For a bit I was writing down the tools I had been working with and making. And then my blog blew up. Or more literally locked up and I lost the data because it was all on a dev machine that I didn’t care that much about.
I didn’t really stop working on things, but didn’t write much about it.
Then yesterday I had an idea. It wasn’t an original idea. It was really a how can I make that so I can use it and not need to install more software.
I came across this tool in a tweet. https://github.com/hakluke/hakcheckurl Written in Go, it checks on URLs, looks like it spiders and gets status codes for the URLs. Cool I thought. Go I thought.
Can I do it in python (I thought)? I played around. I looked around. I really didn’t want to rewrite a crawler. Lazy I know, but it’s my project and time.
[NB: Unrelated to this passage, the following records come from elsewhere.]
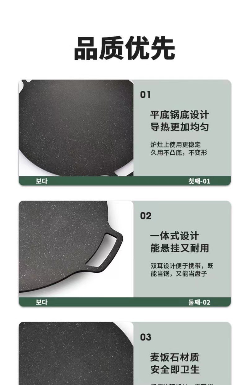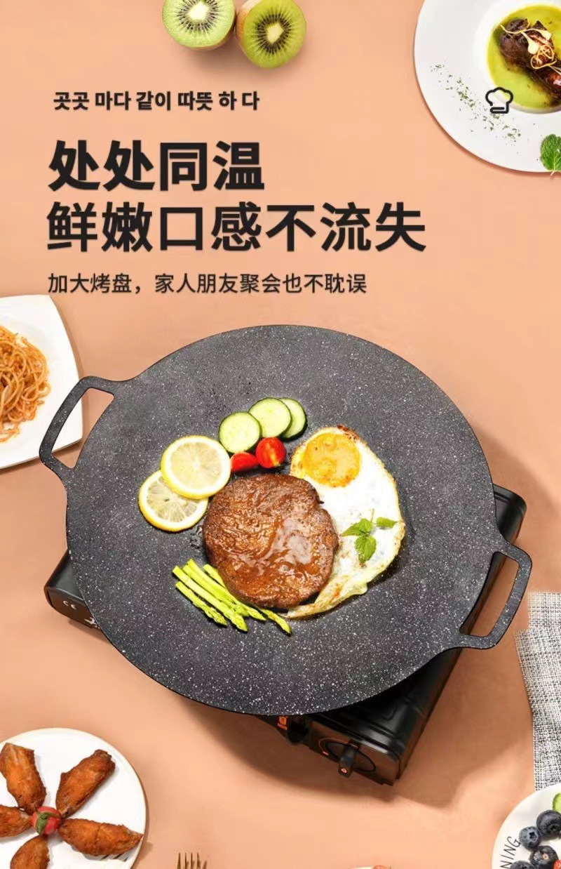 야외 붙지 않는 바베큐 플레이트 한국식 밀석 캠핑 바베큐 플레이트 상업용 철판 가정용 원형 프라이팬
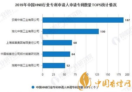 盡管我國現(xiàn)在暫未通過加熱不燃燒煙的銷售批準,但通過在Soopat上對“加熱不燃燒煙”的搜索,截至2019年年底,我國中煙集團已經(jīng)加快加熱不燃燒煙相關(guān)領(lǐng)域的研發(fā),其中我國云南中煙工業(yè)有限公司對加熱不燃燒煙的申請數(shù)量最多,為187個,緊隨其后的是湖北中煙工業(yè)有限公司,申請數(shù)量130個。
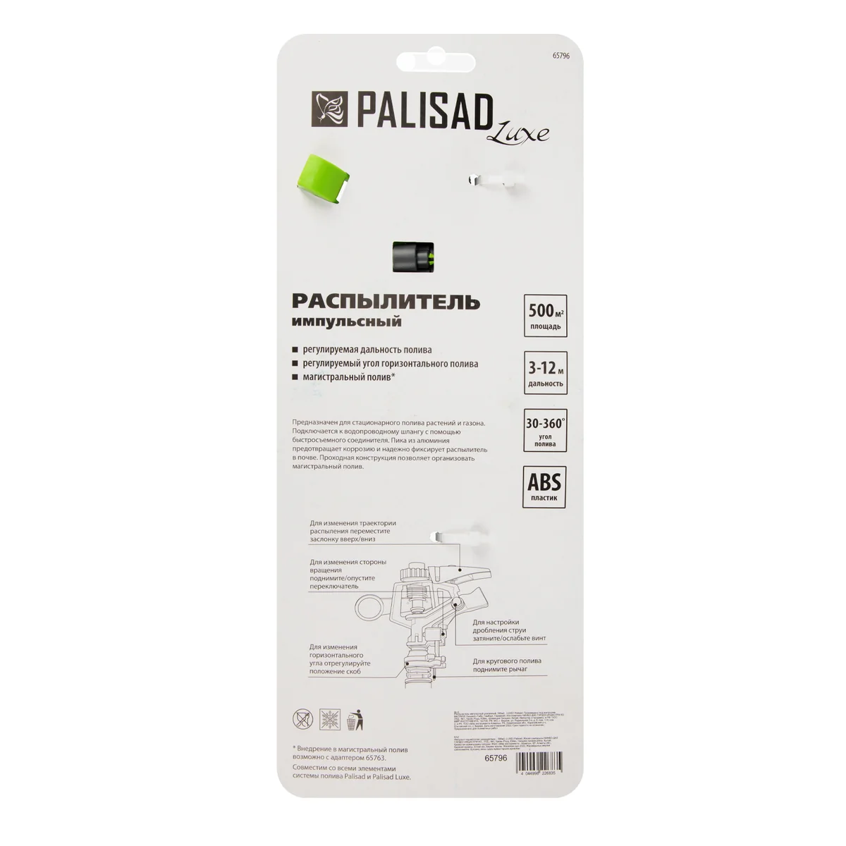 Разбрызгиватель усиленный, импульсный, с регулировкой угла горизонт распыления до 39 м Palisad 65796
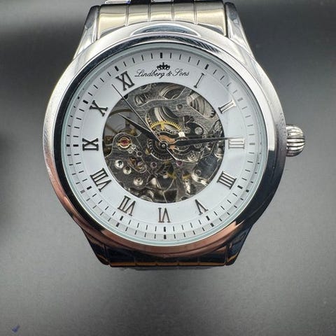 Lindberg&Sons Carpios skeletokello automaattikoneistolla- ruostumattomasta teräksestä valmistettu kotelo- automaattikoneisto- kotelon halkaisija noin 43 mm ilman kruunua- rajoitettu erä- 3 ATM vesitiivis- massiivinen ruostumattomasta teräksestä valmistettu metallinen ranneke, jossa perhoslukko- alkuperäinen laatikko takuukortilla varustettunakello on käyttämätön.- erinomaisessa kunnossa, käyttämätön- kuvat kuuluvat kuvaukseen- vakuutettu toimitus sisältyy
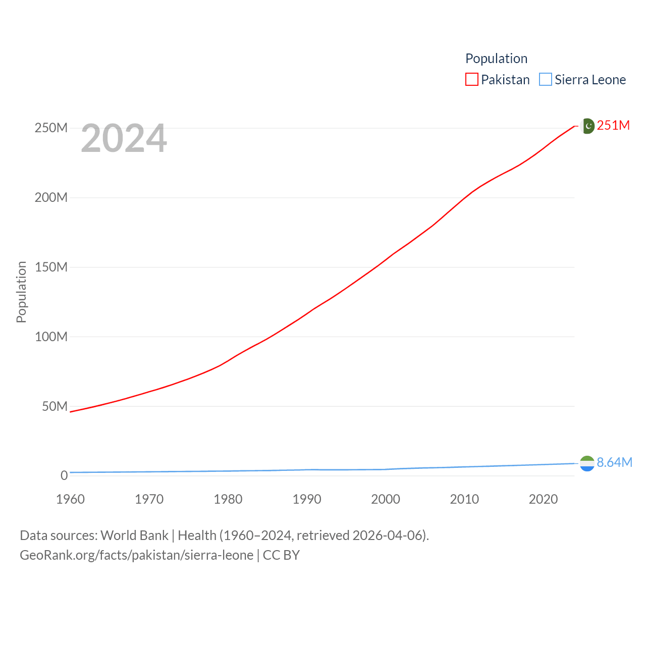 Pakistan has a population of 251M (ranked 5/197), compared with 8.64M in Sierra Leone (ranked 102/197). Pakistan's land area is 297,638 sq mi versus 27,869 sq mi for Sierra Leone (ranked 35th vs. 116th).
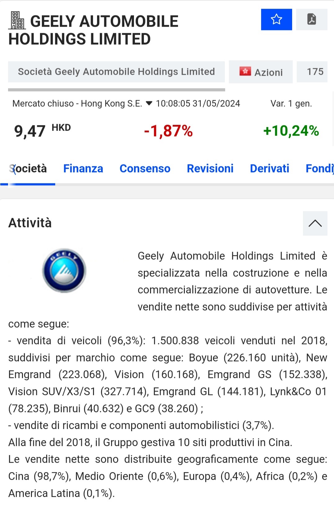 A questo punto non possiamo parlare del gigante dell’industria automobilistica cinese, la Geely Automobile Holdings Limited. Come possiamo vedere, gli azionisti della Geely chi sono? Tiriamo a indovinare?
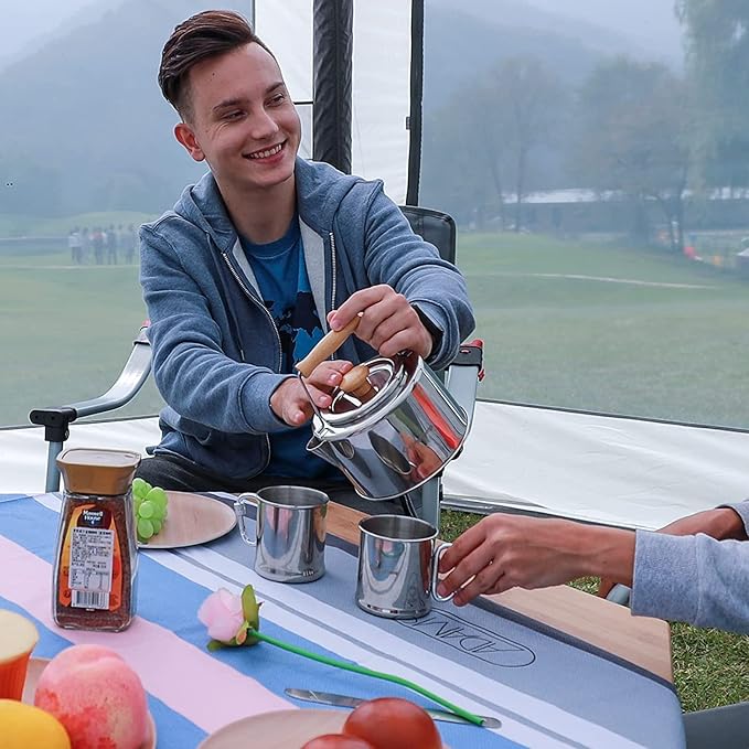 - [OUTDOOR&INDOOR USE]- The camping tea kettle kettle is a perfect choice for indoor and outdoor activities, especially for traveling, camping, hiking, backpacking, RV trailer etc.
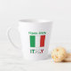 Tasse en latte personnalisée avec le drapeau italien vert, blanc et rouge ou Il Tricolore. Ci-dessous le mot ITALIE, également dans le tricolore italien. Ci-dessus est un endroit pour votre nom, en lettres vertes, pour ajouter un look customisé. Ou, créez un cadeau personnalisé en ajoutant le nom de quelqu'un d'autre. Idéal pour les réunions de famille, les groupes de voyage et les clubs.
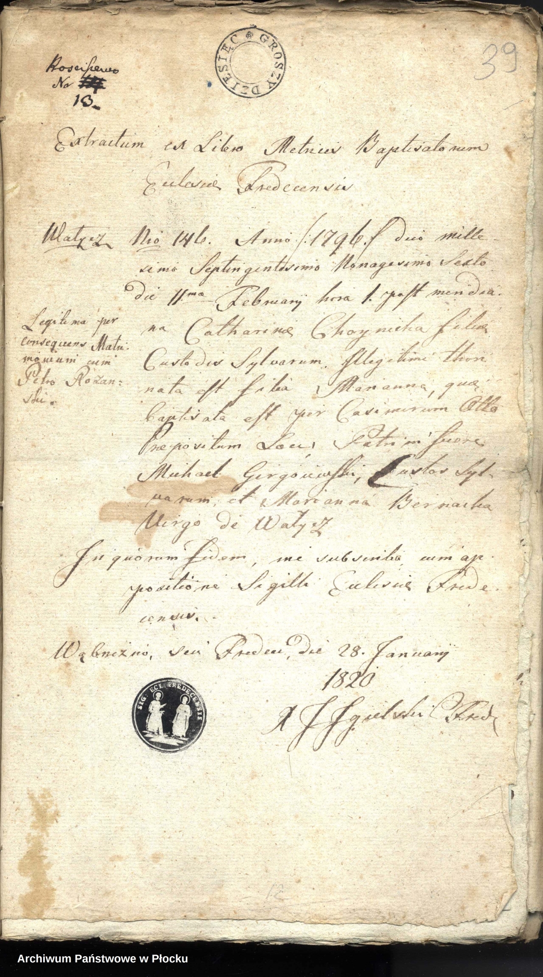 akt urodzenia Katarzyna Chojnacka Wałycz 1796 r.
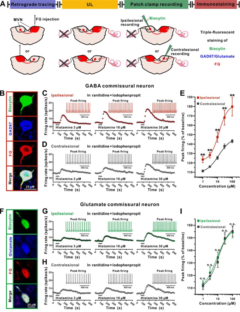 朱景宁、王建军课题组的该项研究揭示中枢前庭核团复合体中的组胺H1受体对前庭代偿具有重要贡献。阻断前庭内侧核(medial vestibular nucleus,MVN;中枢前庭核团复合体中最重要的亚核)中的组胺H1受体可极大地延缓前庭损伤后静态症状(如头部倾斜、姿势失衡和眼球震颤)和动态症状(行走异常和运动失调)的代偿与恢复。单侧前庭损伤后,损伤侧MVN中投射至对侧的GABA能神经元上的组胺H1受体的表达选择性地升高,而健侧没有改变。由于前庭症状产生的根本原因是双侧前庭中枢活动的失衡(损伤侧MVN活动降低而健侧MVN活动升高),组胺H1受体的这一选择性表达升高可使其介导的组胺的兴奋性效应在损伤侧MVN中投射至对侧的GABA能神经元上显著增强(图1),进而通过双侧MVN间的连合抑制系统(commissural inhibitory system)抑制对侧(健侧)过度兴奋的MVN神经元(图2),从而有助于双侧前庭系统平衡的恢复和前庭功能的代偿。值得注意的是,临床上用于治疗前庭疾病的经典药物betahistine一直被认为通过作用于突触前组胺H3受体发挥作用,而朱景宁、王建军课题组的工作揭示了突触后组胺H1受体也参与介导了betahistine对前庭代偿的促进作用。
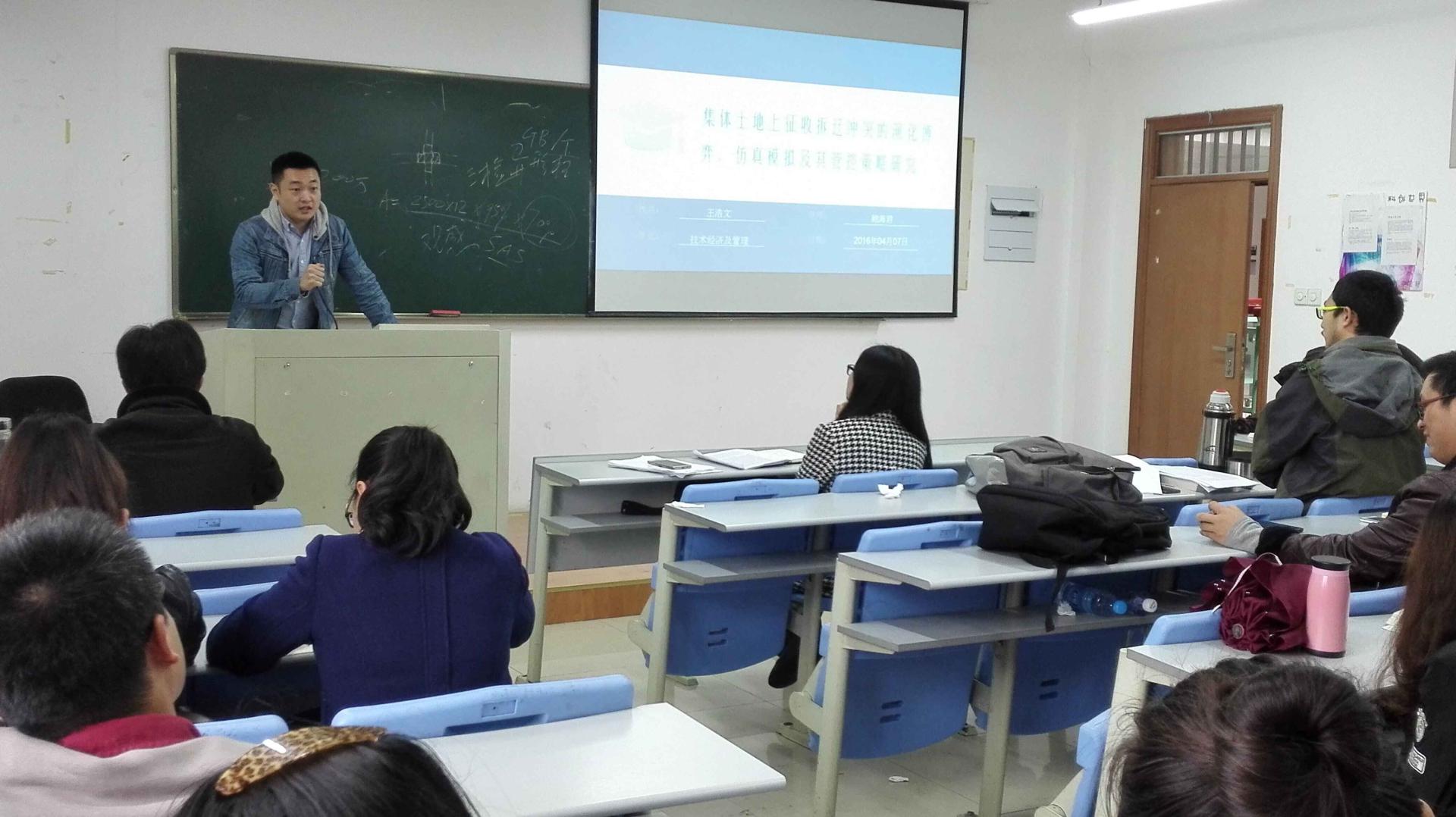 14、15级研究生参加。三位主讲人依次以精心准备的PPT形式向大家展示了各具特色的学术论文成果。杨柏松同学的交流论文题目为《高管激励、创新投入与企业绩效——基于创业板企业的实证研究》,王秋欢同学的交流论文题目为《绿色广告信息策略对购买意向的主效应与交互效应研究》,王浩文同学的交流论文题目则为《集体土地上征收拆迁冲突的演化博弈、仿真模拟及其管控策略研究》。在座研究生们积极参与了讨论与提问。王建明老师和冯娟老师都进行了一一点评,并就其论文中存在的问题提出了具有针对性的建议。
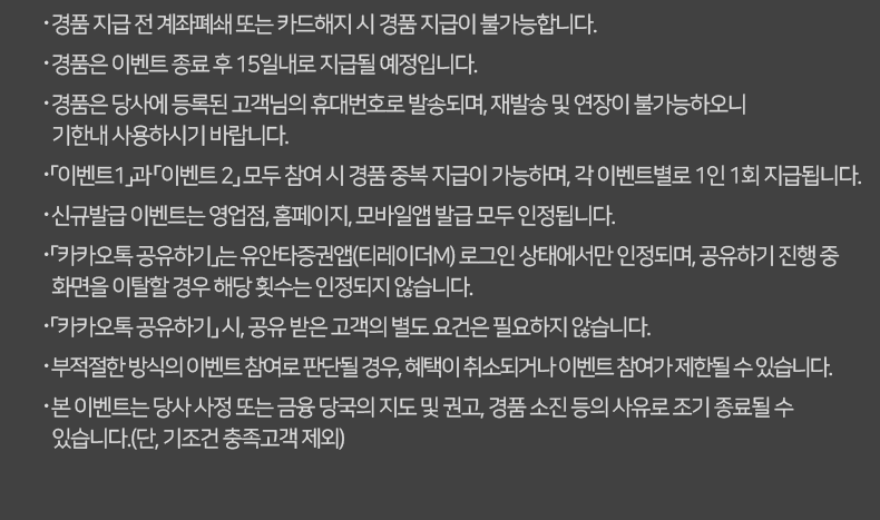 - 본 이벤트는 당사 사정 또는 금융 당국의 지도 및 권고, 경품 소진 등의 사유로 조기 종료될 수 있습니다.(단, 기조건 충족고객 제외)
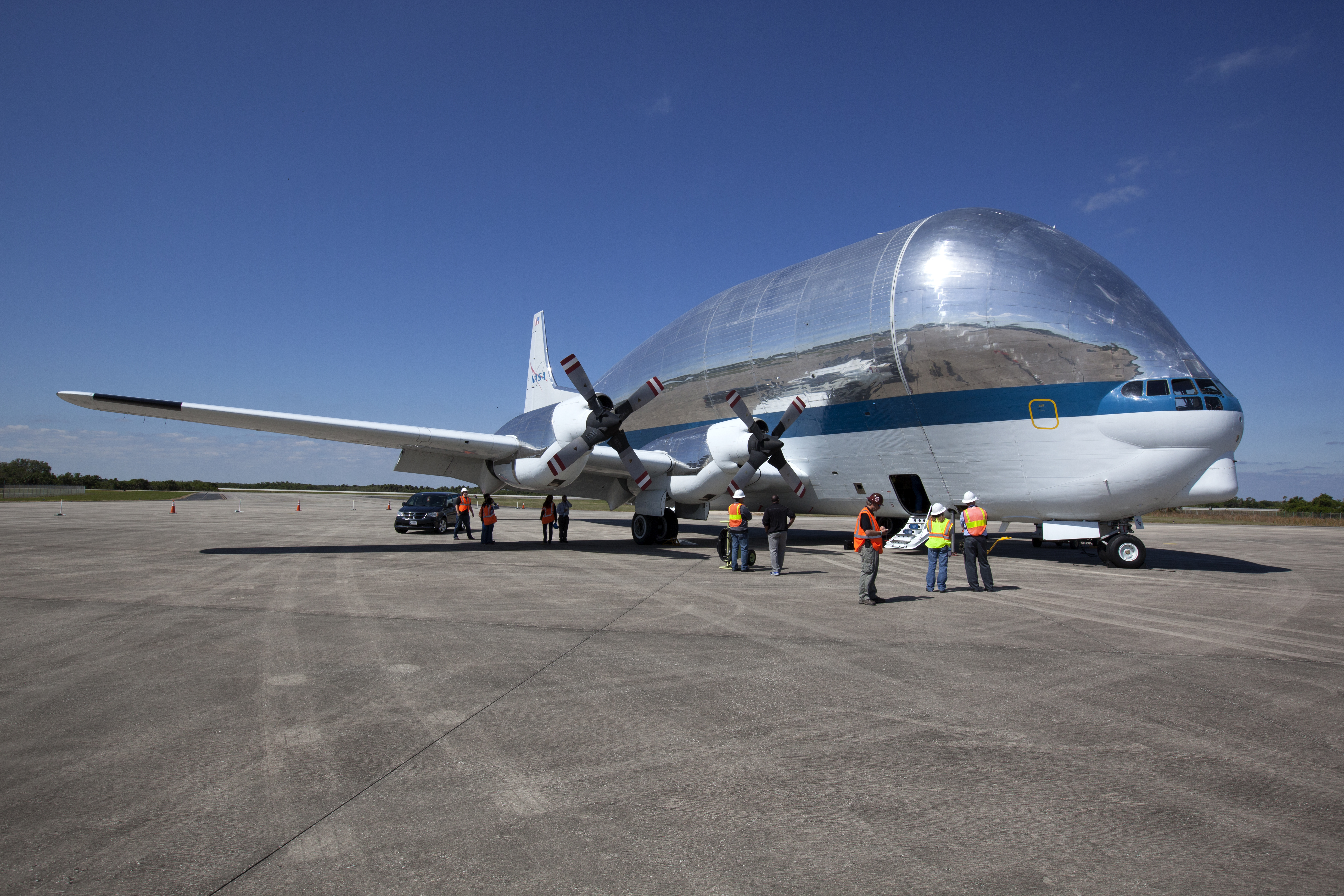 NASA's Super Guppy aircraft has been closed and secured at the Shuttle Landing Facility at NASA's Kennedy Space Center in Florida. The Orion Exploration Mission-1 (EM-1) structural test article is secured inside the Super Guppy and will be transported to Lockheed Martin's Denver facility for testing. The Orion spacecraft will launch atop NASA’s Space Launch System rocket on EM-1, its first deep space mission.
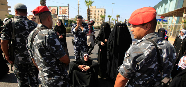عدد من أنصار الأسير يقفون بوجه قوات الأمن في صيدا. أ.ب
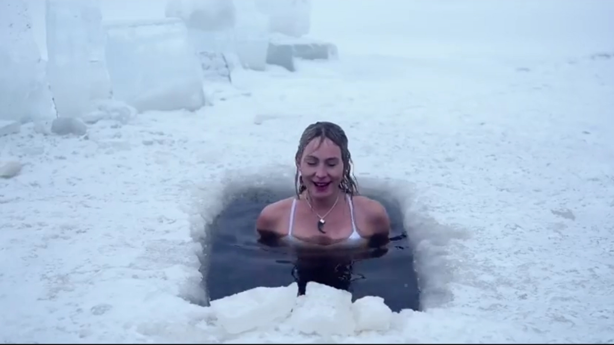Video: Rùng mình xem cô gái tắm trong hồ băng
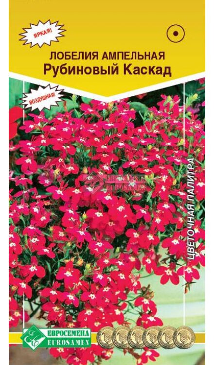 Лобелия — культура с обильным и приятным глазу цветением, благодаря чему она довольно часто используется для украшения клумб на отрытом грунте и создания впечатляющих композиций из подвесных кашпо. Бесконечное количество мелких синих, сиреневых, розовых, белых или красных цветов на фоне темно зеленой листвы, словно ковер преображает и дополняет основную композицию ландшафта, не менее эффектно, чем розы. Среди цветоводов наибольшую популярность получило выращивание лобелии ампельной (каскадной), которая характеризуется длинными побегами, быстро формирующими шаровидный габитус растений, для чего лобелии рекомендуется прищипывать, что поспособствует образованию красивой кроны и хорошей ветвистости. Рубиновый каскад быстро сплетает пышный каскад из пурпурно-красных очаровательных цветочков, и на фоне нежной светло-зеленой листвы выглядит очаровательной и хрупкой. Используется для выращивания в балконных ящиках, в висячих корзинах и уличных вазах. Идеальное решение озеленения балконов, создания почвопокровных клумб. Высота растения-30 см Диаметр цветка-1-2 см

Sites have places they don’t want crawled. They put these places in a file in hopes that crawlers will respect this and not look there.
Most of these files/folders will be benign, style folders, images taken out of context, but some can help people looking for vulnerabilities out.
So, why not work out a way to take a look at them solo or in batches of sites?
So, what can it do?
Right now it’s pretty simple. Choose from one site or provide a list of sites and we will go check if they have a robots.txt file and log that data for review.
I’m hoping to add the ability to switch between http and https if one doesn’t show results soon for a site. The thought of piping the disallows to be followed and see what’s there has also crept into my mind.
Download it. Give it a spin. Give it a whirl. Please help me improve it.